With regard to structure estimation, in Example 2 the proposed method outperforms its competitors when |$n$| is large but performs slightly worse than the best performer when |$n$| is small, in terms of the Matthews correlation coefficient and the structural Hamming distance. In Example 3, it continues to be the best performer. However, the greedy equivalent search, hill climbing, and max-min hill climbing algorithms perform well in Example 2 but deteriorate in Example 3, where their performance suffers because of the nonsparse neighbourhood of one hub node.
Moreover, the PC-algorithm and max-min hill climbing algorithm fail to converge after 24 hours of running when |$n=1000$| in Example 3. The hill climbing and greedy equivalent search algorithms perform poorly in almost all the situations. The performance of hill climbing can be partly attributed to inappropriate use of the Bayesian information criterion for model selection in a high-dimensional setting.
With regard to parameter estimation, the proposed method performs best in most situations, as measured by the Kullback–Leibler loss.
Overall, our constrained maximum likelihood method compares favourably against the other methods.
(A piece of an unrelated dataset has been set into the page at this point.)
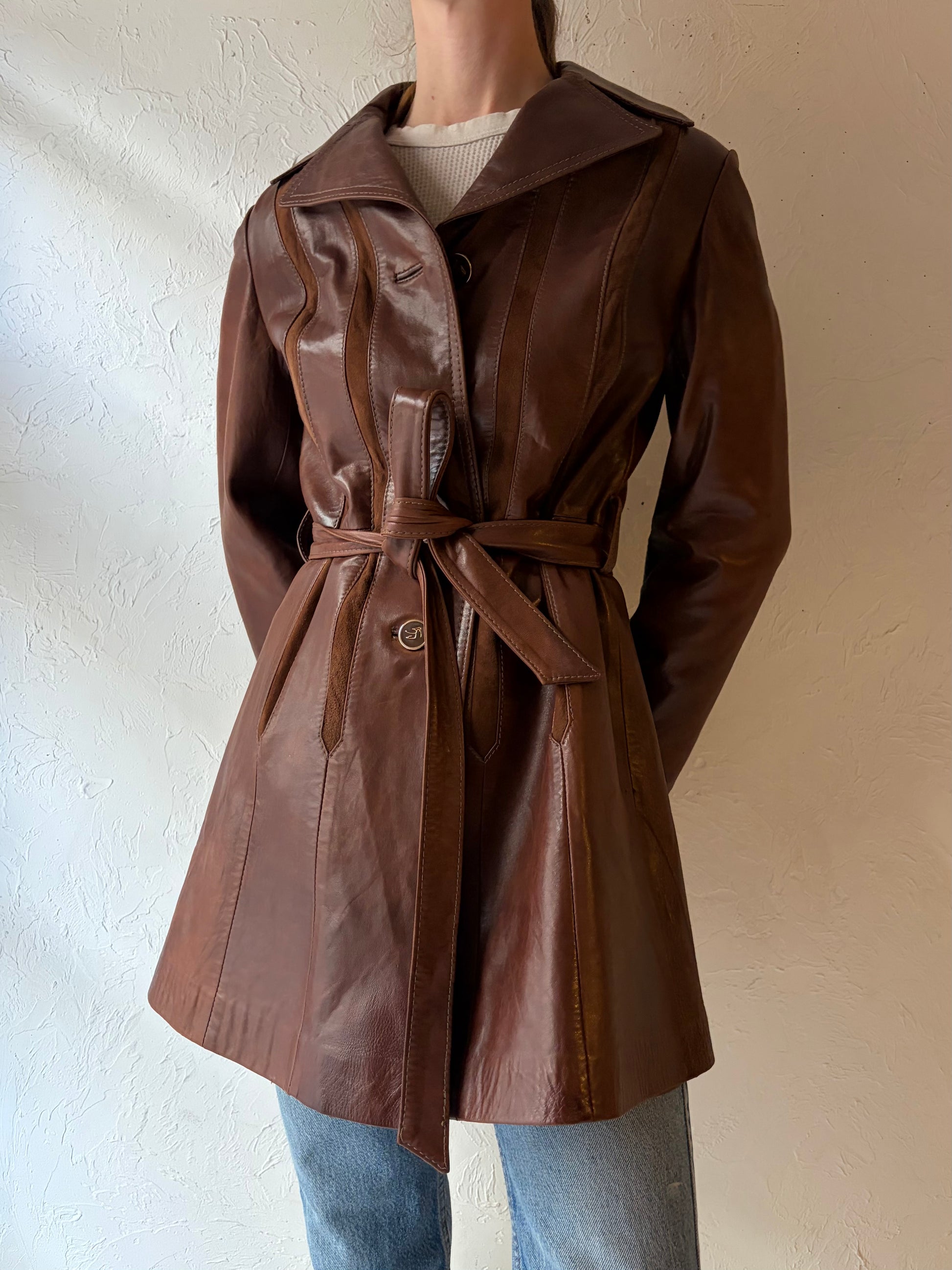 - Vintage 70s Skiu Gear brown leather jacket

5.3. Analysis of cell signalling data
We use our constrained maximum likelihood estimation method to analyse the multivariate flow cytometry data in Sachs et al. (2005). Data were collected after a series of stimulatory cues and inhibitory interventions, with cell reactions terminated by fixation 15 minutes after stimulation, to profile the effects of each condition on the intracellular signalling networks of human primary naive CD4+ T-cells. Flow cytometry measurements were taken from 11 phosphorylated proteins and phospholipids under nine experimental conditions. These simultaneous measurements allow researchers to infer causal influences in cellular signalling. Among these nine experimental conditions, we are particularly interested in one condition, where anti-cluster of differentiation 3/cluster of differentiation 28 and intercellular adhesion molecule-2 were used as general perturbations, because they tend to activate cell signalling.
This is a well-studied example and we use the representation of the consensus network in Sachs et al. (2005) as our true network, shown in Fig. 1(a). An arrow from one node to another is interpreted as a directional influence between the corresponding proteins.
The true network and networks reconstructed by using the proposed constrained maximum likelihood method and four other methods, with abbreviations as given in the captions of Tables 1 and 2; correct discoveries are repre- sented by solid black lines, false discoveries are displayed as black dotted lines, and incorrectly identified directions with correct discoveries of the skeleton of the true graph are marked as solid grey lines.
The true network and networks reconstructed by using the proposed constrained maximum likelihood method and four other methods, with abbreviations as given in the captions of Tables 1 and 2; correct discoveries are repre- sented by solid black lines, false discoveries are displayed as black dotted lines, and incorrectly identified directions with correct discoveries of the skeleton of the true graph are marked as solid grey lines.
There are 902 samples. We fit the five competing methods, using one-third of the samples for training and two-thirds for tuning. The learned networks are shown in Figs. 1(b)–(f).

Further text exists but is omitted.